A few days ago, as I was reading a story on the latest industry news on HBM3e, the memory dense RAM by TSMC's N3E node:

With HBM3e, density is on the order of ~200 Mb of DRAM per mm², while at TSMC’s N3E node, 1 mm² of silicon can hold only ~38 Mb of SRAM.

While I had been thinking of ways to integrate 16MB system memory and a Pentium or ARM9 processor into a single die, preferably within 1mm^2 to consider the economic benefits to lowering manufacturing costs, one essential component I left out was the video graphics. If I had to be realistic in how a chipset would be designed, in retrospect, an integrated video chipset makes a lot of sense. And what would that entail? Before I get into that, I'll dive into the ISA card era, where I had built and replaced systems with video cards ranging from 1-2MB of RAM on the perpendicular slots for the 486 based Socket 3 and Socket 5 (of which I was more familiar with).

The ISA cards at the time were fairly large with exposed caps microcontrollers, and and wide (although not heavy like the current discrete flagship or even midrange GPUS) https://youtu.be/D3lcByH_CDI?t=608

One could upgrade the video either via PCI or ISA, but since there were only a couple PCI slots (not PCI-e), the unused ISA was better used for graphics than nothing, and and the PCI slots were best reserved for modems, ethernet, and ATSC tuners. Although I might have had an ISA-based modem.

I also worked on a couple other machines at the time- one was an Opteron Pentium II or III, and another was a 486, so it might have been the latter that I installed an ISA card to upgrade its poor or non-existent video memory.

In the Packard Bell 3540 case, the OEM integrated a 1MB Cirrus logic GD5430 on board, which meant the motherboard, and it didn't require a discrete card to be included in the purchase (Best Buy, 1996).
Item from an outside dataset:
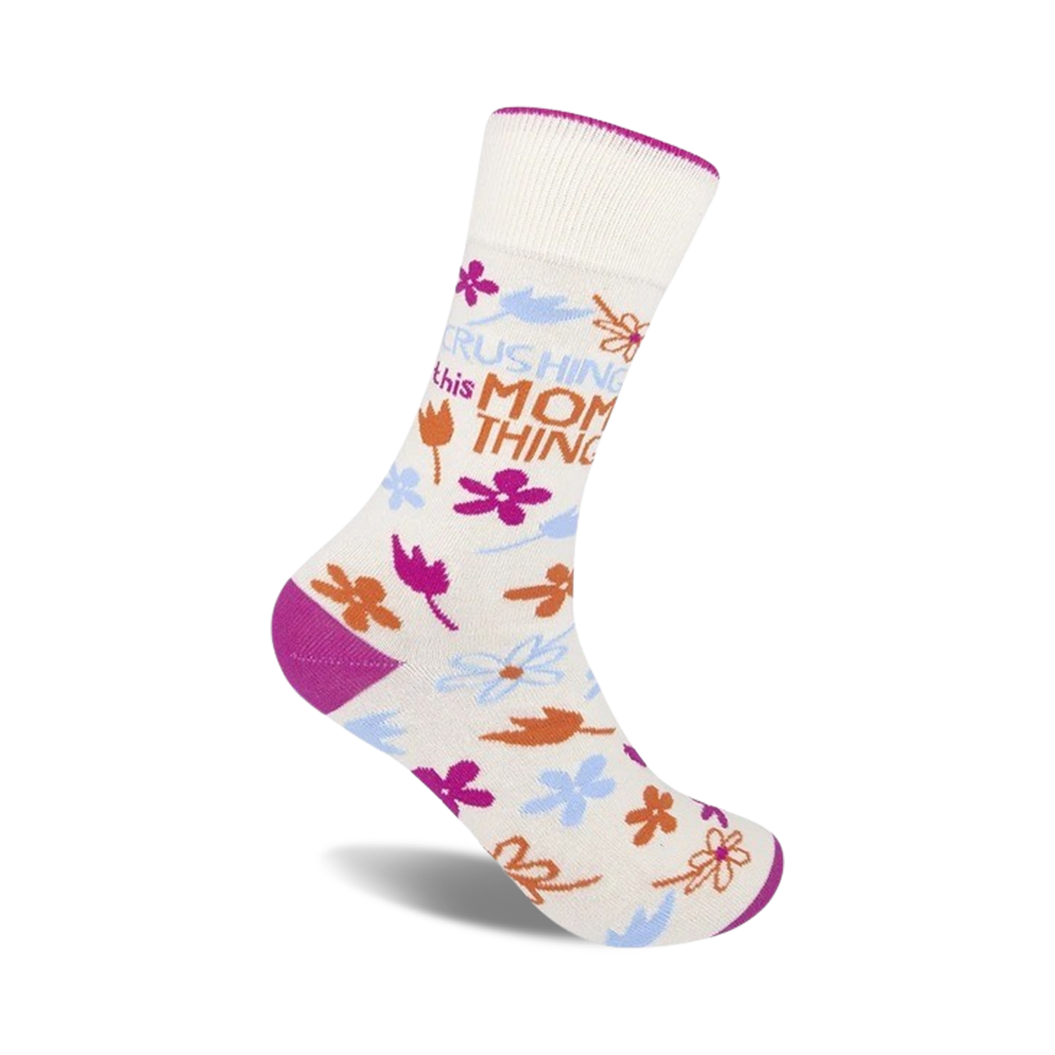 Rock 'Crushing This Mom Thing' socks, and show the world you're a total mom boss! With a vibrant purple toe and heel and playful florals, these white crew socks are a sassy declaration of your multitasking prowess. Show off your mom game while crushing life's challenges with these confident and comfortable socks.

Obviously, this was before the integrated GMA era and HD/Iris series, so this kind of custom, non-discrete but not on the same die type of PCB integration was not uncommon, since it was economical for the manufacturer and possibly even Intel and AMD who were not yet major graphics suppliers (although the latter would acquire ATI).

My first PCI-express based desktop PC was a Presler-based Dell XPS400 2.8GHz, with an ATI X300, a very lightweight, but discrete card in 2006- this later upgraded to a Nvidia 7600GS, briefly an 8800GTS w/320MB VRAM, but then I settled on the cheaper 512MB 9600GT with smaller bus width.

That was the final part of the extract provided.